An award reinstating a corrections officer who engaged in a transaction to procure an illegal drug, and who used an illegal drug, and lied during an investigation due to his refusal to acknowledge his use of illegal drugs would undermine the public policy of ensuring safe and secure prisons. As such, the award must be vacated based on the public policy exception.
Manifest Disregard
The State further alleges the arbitrator's manifest disregard of the law as an additional basis for vacating the award. Consistent with the developing jurisprudence in other jurisdictions, Connecticut courts recognize an exception allowing vacatur of an award because of egregious misbehavior. Unlike the public policy exception, an exception based on the arbitrator's manifest disregard of the law is not based on common law and is encompassed by the existing statutory scheme for judicial review in § 52-418. As a result, judicial inquiry under the manifest disregard statute is extremely limited. Garrity, 223 Conn. at 9.

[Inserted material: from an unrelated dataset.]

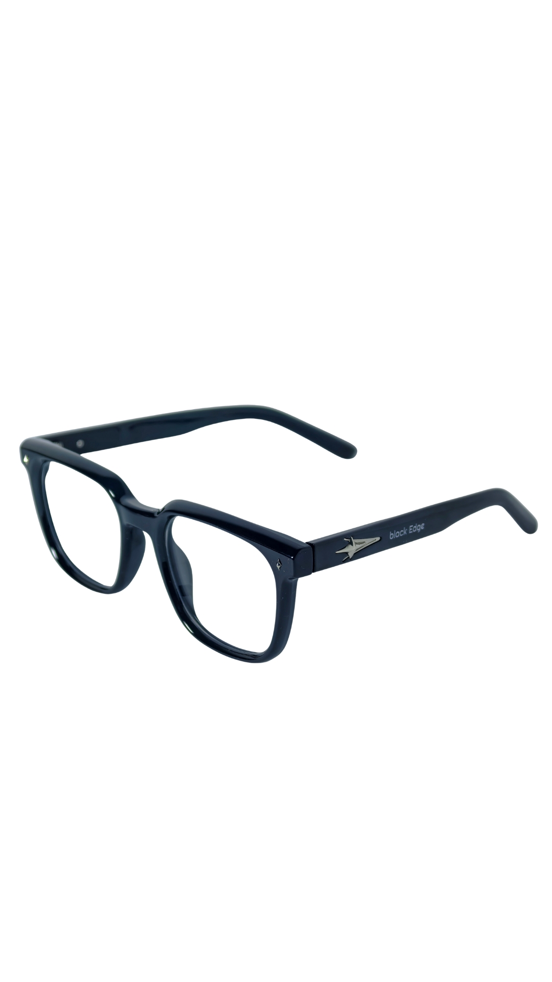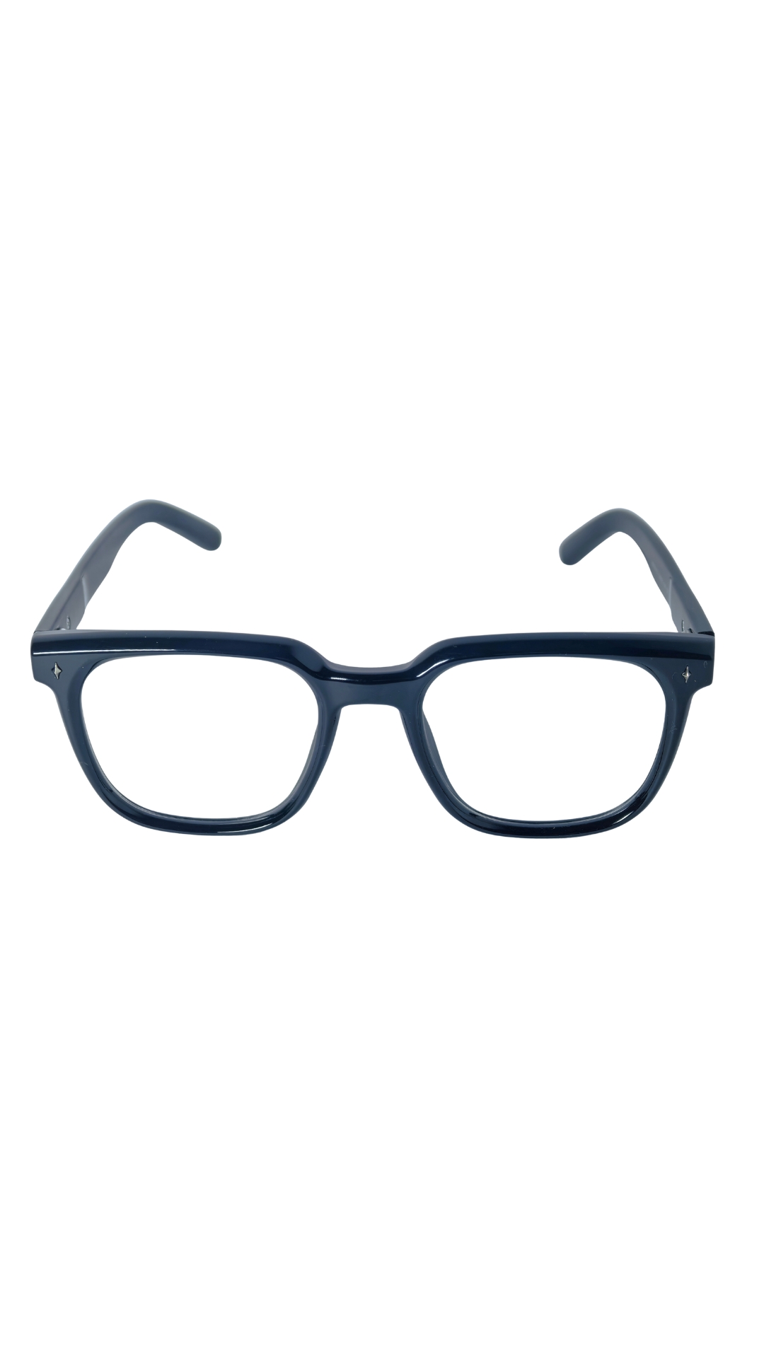 Bold, thick square acetate eyeglasses with advanced blue light blocking technology.

Specifically, only an award which "manifests an egregious or patently irrational application of the law is an award that should be set aside pursuant to § 52-418(a)(4) because the arbitrator has exceeded his powers or so imperfectly executed them that a mutual, final and definite award upon the subject matter submitted was not made." Garrity, 223 Conn. at 10.
Connecticut courts have adopted the reasoning of federal courts deciding this issue of manifest disregard and agree that "the error must have been obvious and capable of being readily and instantly perceived by the average person qualified to serve as an arbitrator. Moreover, the term `disregard' implies that the arbitrator appreciates the existence of a clearly governing legal principle but decides to ignore or pay no attention to it . . . The governing law alleged to have been ignored by the arbitrator must be well defined, explicit, and clearly applicable." Garrity, 223 Conn. at 9. The burden rests on the party challenging the award. Id.
Because the State does not adequately set forth a claim under the statutory provision for vacatur based on manifest disregard of the law, this claim is denied.
Conclusion
For the foregoing reasons, this court finds that enforcement of the arbitration award which reinstates the grievant, Desilets, to his position as a corrections officer is violative of public policy and is thus vacated.